Dataset excerpts:
━━━

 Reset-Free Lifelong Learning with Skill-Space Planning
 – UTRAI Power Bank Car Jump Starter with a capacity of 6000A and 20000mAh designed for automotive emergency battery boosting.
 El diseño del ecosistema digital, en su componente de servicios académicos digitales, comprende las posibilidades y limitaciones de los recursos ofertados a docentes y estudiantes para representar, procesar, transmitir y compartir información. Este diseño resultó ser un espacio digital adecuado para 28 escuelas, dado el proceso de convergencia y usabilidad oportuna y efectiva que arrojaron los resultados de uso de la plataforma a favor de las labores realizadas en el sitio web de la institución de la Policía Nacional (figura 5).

━━━

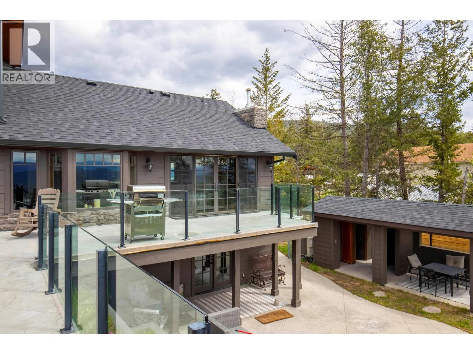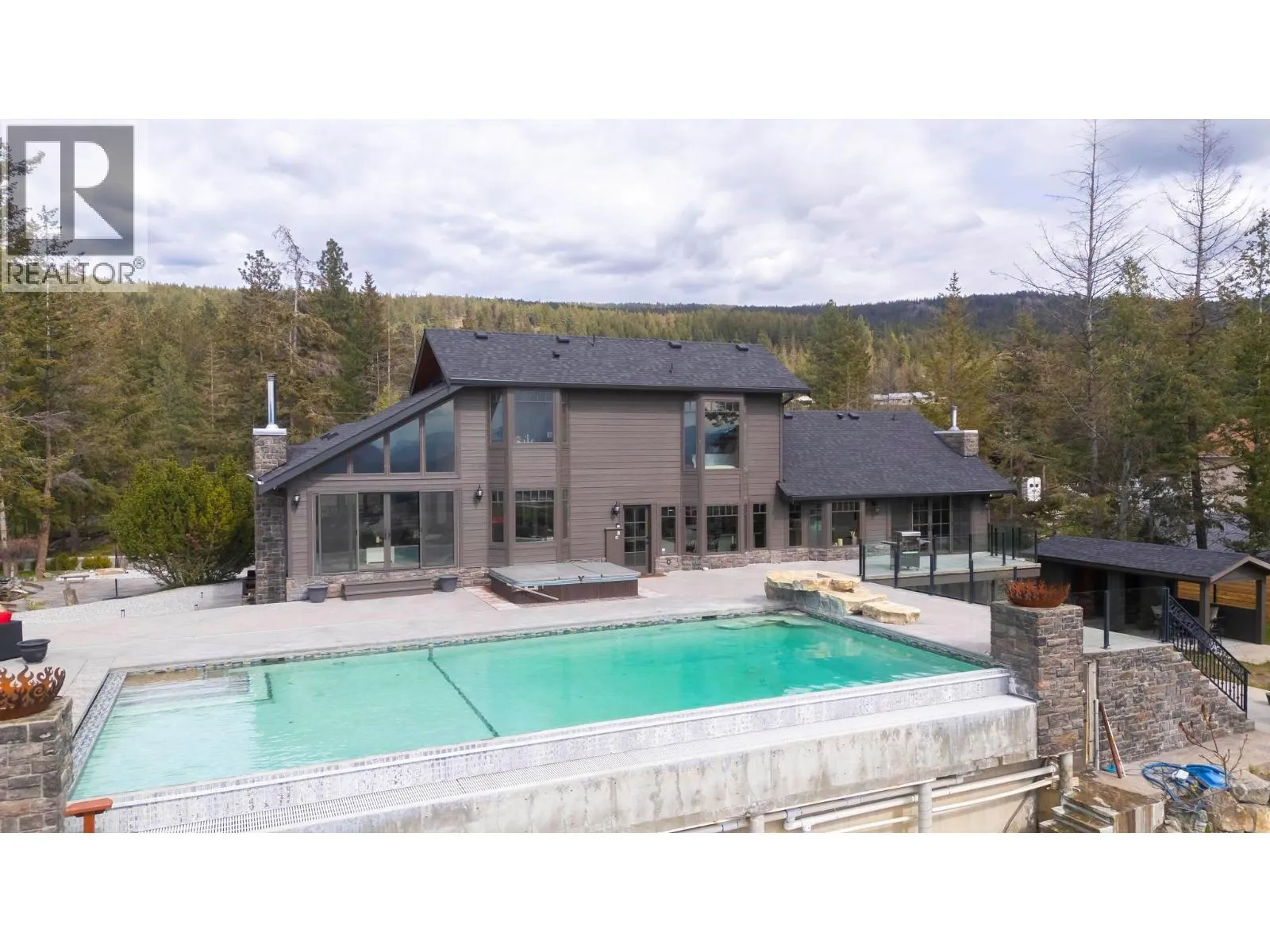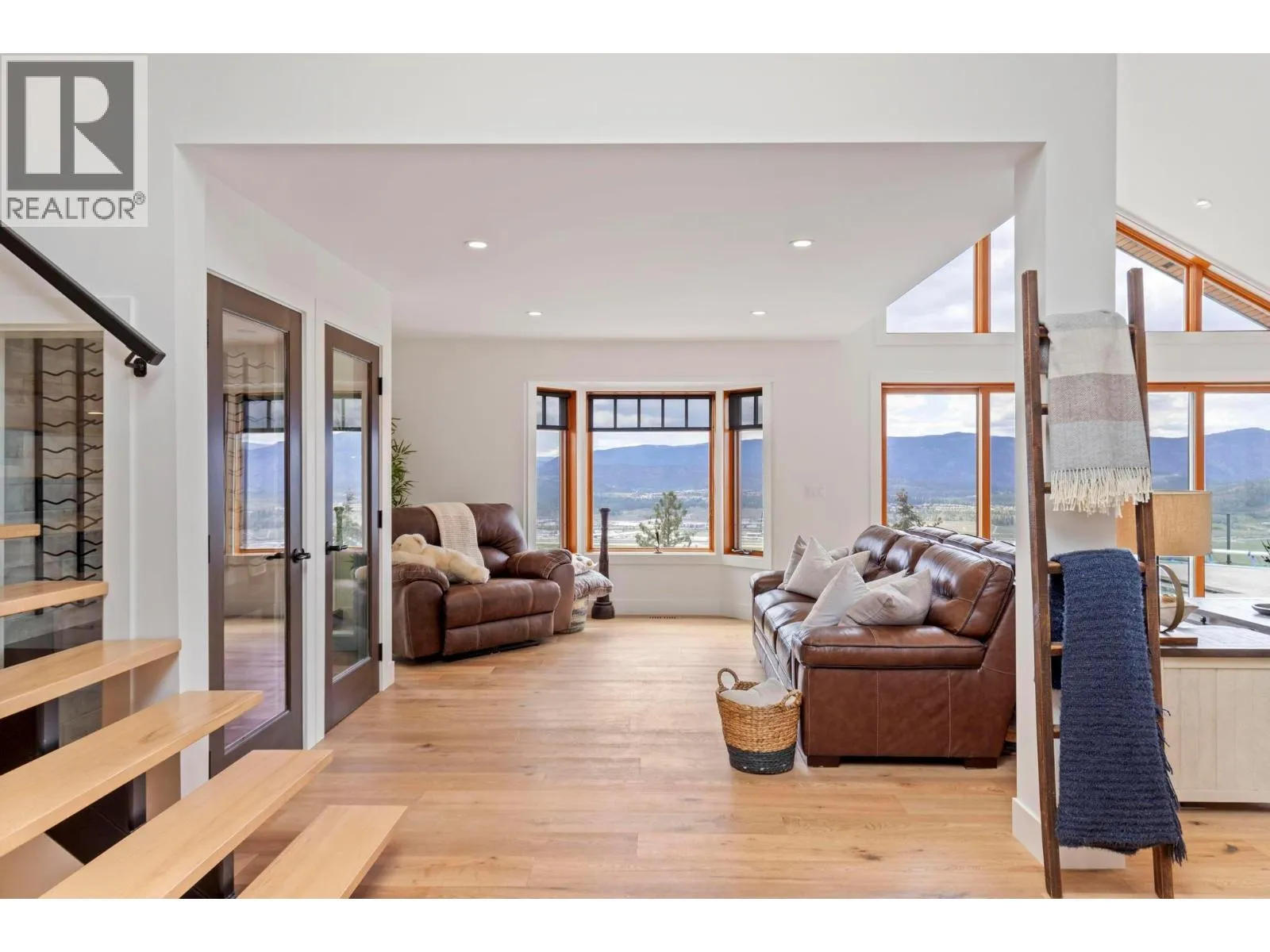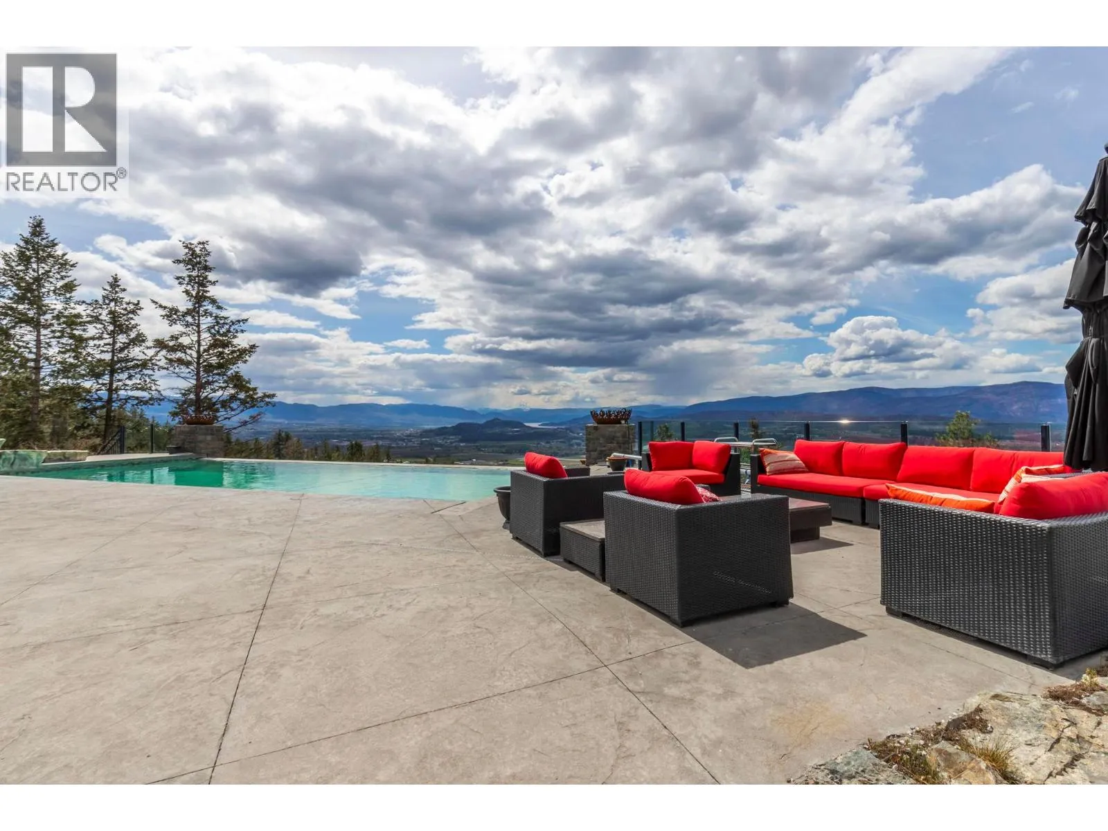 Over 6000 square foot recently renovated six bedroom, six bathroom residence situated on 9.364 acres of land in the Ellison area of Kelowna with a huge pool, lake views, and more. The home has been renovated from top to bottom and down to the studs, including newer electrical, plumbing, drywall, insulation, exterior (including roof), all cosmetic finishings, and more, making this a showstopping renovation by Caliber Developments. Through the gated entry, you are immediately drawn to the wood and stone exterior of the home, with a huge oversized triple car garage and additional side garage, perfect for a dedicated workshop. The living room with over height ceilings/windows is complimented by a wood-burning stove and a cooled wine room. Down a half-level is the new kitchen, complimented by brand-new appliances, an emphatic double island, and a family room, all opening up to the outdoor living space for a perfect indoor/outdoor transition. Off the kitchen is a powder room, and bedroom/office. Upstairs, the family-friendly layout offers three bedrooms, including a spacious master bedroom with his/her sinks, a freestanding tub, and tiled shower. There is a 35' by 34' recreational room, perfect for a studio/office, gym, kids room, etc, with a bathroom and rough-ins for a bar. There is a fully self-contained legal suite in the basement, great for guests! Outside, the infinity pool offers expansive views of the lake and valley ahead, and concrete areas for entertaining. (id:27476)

━━━

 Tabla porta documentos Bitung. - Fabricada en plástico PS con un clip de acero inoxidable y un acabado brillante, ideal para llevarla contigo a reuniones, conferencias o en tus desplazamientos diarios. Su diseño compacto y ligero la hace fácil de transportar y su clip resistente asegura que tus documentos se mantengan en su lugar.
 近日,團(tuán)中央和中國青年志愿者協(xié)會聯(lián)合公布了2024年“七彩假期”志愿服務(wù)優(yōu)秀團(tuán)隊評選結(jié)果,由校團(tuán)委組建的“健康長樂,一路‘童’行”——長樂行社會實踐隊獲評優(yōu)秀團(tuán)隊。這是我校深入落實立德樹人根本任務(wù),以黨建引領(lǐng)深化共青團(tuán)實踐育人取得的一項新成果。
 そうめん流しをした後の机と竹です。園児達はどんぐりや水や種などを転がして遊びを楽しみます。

━━━

Exercise brief:
Of all the entries above, output exactly the lines between the one holding "Reset-Free Lifelong Learning" and the one holding "emergency battery boosting.", inclusive.

Output below:
 Reset-Free Lifelong Learning with Skill-Space Planning
 – UTRAI Power Bank Car Jump Starter with a capacity of 6000A and 20000mAh designed for automotive emergency battery boosting.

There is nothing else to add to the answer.